Dark/Light Mode

Mantan Teroris, Ali Mazi Soal Pemulangan WNI Eks ISIS

Kalau Obatnya Salah Senjata Makan Tuan

Sabtu, 8 Februari 2020 09:28 WIB
WNI eks ISIS. (Foto: AFP)
WNI eks ISIS. (Foto: AFP)

RM.id  Rakyat Merdeka - Mantan bomber bom Bali, Ali Mazi ikutan angkat bicara mengenai wacana pemerintah memulangkan WNI eks ISIS ke Tanah Air. Menurut dia, jika para WNI eks ISIS itu dipu­langkan lalu obatnya salah, mereka bisa menjadi senjata makan tuan. Waduh...

Ali mendukung wacana pemu­langan WNI eks ISIS. Tetapi, ada syaratnya. Ratusan WNI itu tak bisa serta merta pulang begitu saja ke Tanah Air.

“Pada dasarnya saya sepakat. Tapi harus ada profiling ideologi. Tidak serta merta seperti membawa pulang TKI,” ujar ali kepada Rakyat Merde­ka, kemarin.

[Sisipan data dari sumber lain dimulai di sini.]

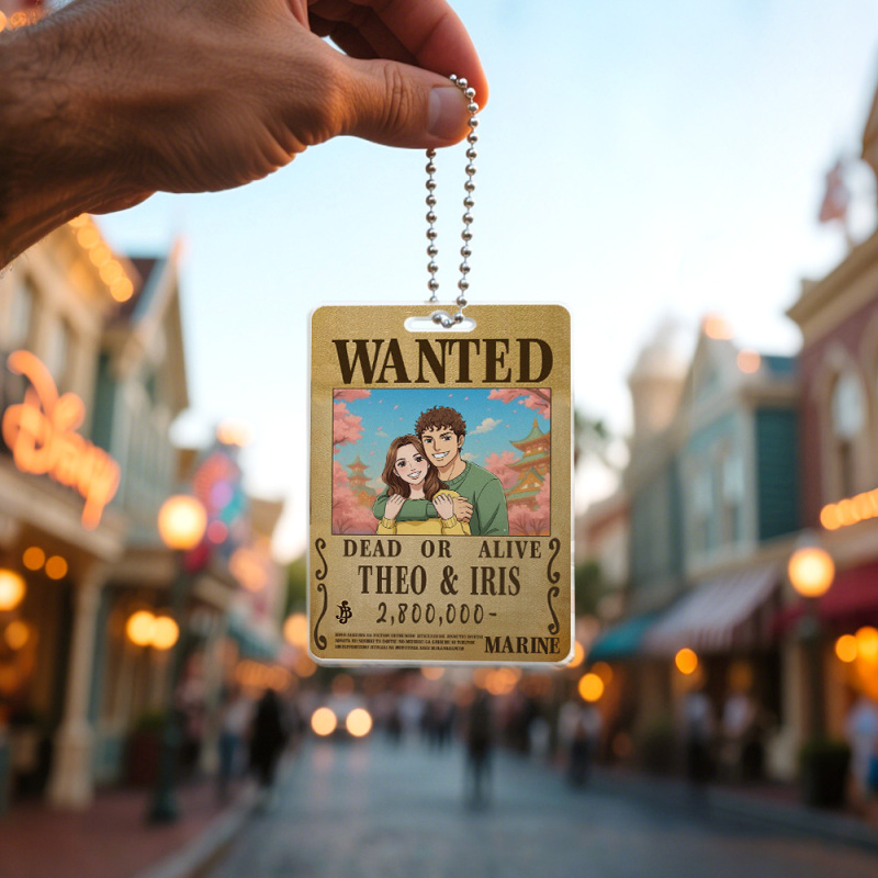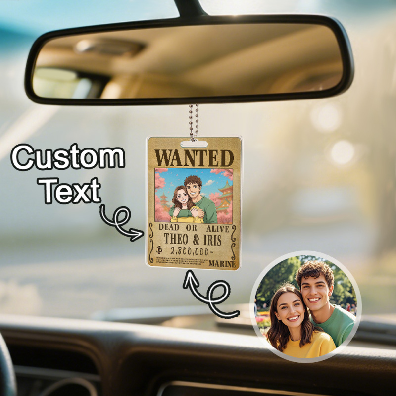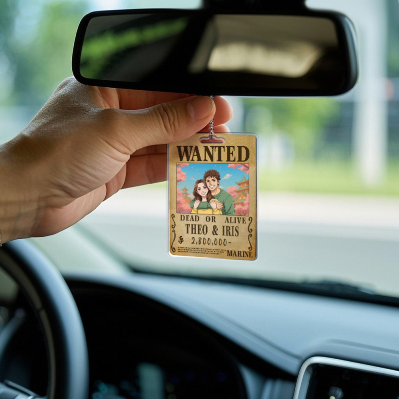 Custom Anime Bounty Couple Portrait Car Hanger Personalized Anime Style Wanted Car Hanger Portrait Unique Captains' Couple Portrait Car Hanger Gifts for Lover

Dia mengusulkan, mereka dikelom­pokkan berdasarkan tingkat ekstremis­menya. Ada yang masuk zona merah, kuning, dan hijau. Yang masuk zona merah adalah yang ekstremismenya sudah sangat kental. Kuning, sedang atau ringan, sementara hijau, bebas dari ekstremisme.

“Kalau kooperatif dibawa pulang, kalau masih benci NKRI, tidak mengakui pemerintah, ngapain dibawa pulang?” seloroh pendiri Yayasan Lingkar Perdamaian (YlP) itu.

Tanpa profiling, lanjutnya, para eks kombatan ISIS ini malah bisa jadi senjata makan tuan bagi Indonesia. Bisa saja mereka membangkitkan kembali sel­-sel terorisme di Tanah Air. Apalagi, ada beberapa jaringan teroris Indonesia yang terafiliasi dengan ISIS. Kepolisian menyebut, di antaranya adalah Jamaah Ansharut Daulah dan Mujahidin Indonesia Timur (MIT). Kedua kelompok ini kerap jadi dalang sejumlah aksi teror di Tanah Air.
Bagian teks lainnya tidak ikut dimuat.